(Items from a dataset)
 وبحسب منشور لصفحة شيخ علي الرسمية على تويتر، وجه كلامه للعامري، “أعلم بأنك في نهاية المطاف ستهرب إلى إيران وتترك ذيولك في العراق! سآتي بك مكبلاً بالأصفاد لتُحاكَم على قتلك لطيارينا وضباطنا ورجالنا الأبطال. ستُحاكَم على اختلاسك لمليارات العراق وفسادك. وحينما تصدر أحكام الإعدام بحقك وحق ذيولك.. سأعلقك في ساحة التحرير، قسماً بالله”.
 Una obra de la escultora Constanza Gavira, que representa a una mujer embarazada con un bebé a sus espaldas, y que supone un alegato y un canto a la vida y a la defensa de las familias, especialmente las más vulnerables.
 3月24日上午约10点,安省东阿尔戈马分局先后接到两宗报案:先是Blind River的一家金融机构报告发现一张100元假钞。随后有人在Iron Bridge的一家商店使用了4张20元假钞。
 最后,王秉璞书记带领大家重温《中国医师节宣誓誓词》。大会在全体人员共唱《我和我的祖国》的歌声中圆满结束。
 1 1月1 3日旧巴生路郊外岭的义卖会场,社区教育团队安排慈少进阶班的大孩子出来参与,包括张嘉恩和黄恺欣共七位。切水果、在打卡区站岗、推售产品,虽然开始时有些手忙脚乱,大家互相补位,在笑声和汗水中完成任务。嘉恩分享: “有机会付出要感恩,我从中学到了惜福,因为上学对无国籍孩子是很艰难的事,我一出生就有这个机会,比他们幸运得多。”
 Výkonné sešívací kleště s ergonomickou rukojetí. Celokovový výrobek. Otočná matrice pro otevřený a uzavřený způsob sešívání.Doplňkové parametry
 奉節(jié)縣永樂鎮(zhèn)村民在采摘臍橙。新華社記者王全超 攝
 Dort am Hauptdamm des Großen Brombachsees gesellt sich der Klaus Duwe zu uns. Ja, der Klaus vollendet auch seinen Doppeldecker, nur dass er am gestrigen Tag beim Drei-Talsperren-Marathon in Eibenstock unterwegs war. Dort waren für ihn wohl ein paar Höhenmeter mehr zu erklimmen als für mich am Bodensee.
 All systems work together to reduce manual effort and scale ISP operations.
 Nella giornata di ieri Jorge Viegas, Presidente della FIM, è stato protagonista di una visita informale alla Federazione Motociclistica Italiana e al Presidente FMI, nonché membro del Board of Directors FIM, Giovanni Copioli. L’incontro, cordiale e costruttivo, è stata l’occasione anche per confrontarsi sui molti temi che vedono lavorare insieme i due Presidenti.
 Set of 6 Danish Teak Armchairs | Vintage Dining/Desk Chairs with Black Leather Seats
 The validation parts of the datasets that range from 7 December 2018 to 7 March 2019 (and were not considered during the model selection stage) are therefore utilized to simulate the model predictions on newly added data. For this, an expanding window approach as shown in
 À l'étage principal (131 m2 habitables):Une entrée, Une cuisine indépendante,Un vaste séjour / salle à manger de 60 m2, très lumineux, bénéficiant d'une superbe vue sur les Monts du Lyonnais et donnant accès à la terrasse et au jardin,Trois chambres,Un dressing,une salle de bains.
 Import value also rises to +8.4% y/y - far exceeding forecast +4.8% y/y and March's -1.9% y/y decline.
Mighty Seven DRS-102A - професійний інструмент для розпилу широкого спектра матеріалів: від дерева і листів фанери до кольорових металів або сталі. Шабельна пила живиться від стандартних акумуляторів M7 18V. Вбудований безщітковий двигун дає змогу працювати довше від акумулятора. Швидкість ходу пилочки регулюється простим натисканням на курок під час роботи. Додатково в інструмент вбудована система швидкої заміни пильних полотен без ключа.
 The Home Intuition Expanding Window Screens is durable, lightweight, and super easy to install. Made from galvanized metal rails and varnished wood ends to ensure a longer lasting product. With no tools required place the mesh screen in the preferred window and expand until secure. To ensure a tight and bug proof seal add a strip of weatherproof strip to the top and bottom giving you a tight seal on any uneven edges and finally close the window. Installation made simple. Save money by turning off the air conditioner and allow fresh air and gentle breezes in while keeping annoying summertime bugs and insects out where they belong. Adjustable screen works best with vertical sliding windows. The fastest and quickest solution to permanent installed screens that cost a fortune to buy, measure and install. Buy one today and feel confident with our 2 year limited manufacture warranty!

[TASK DETAILS]
Wherever a line above contains "March", copy that line.

[ANSWER FOR THIS EXERCISE]
 The validation parts of the datasets that range from 7 December 2018 to 7 March 2019 (and were not considered during the model selection stage) are therefore utilized to simulate the model predictions on newly added data. For this, an expanding window approach as shown in
 Import value also rises to +8.4% y/y - far exceeding forecast +4.8% y/y and March's -1.9% y/y decline.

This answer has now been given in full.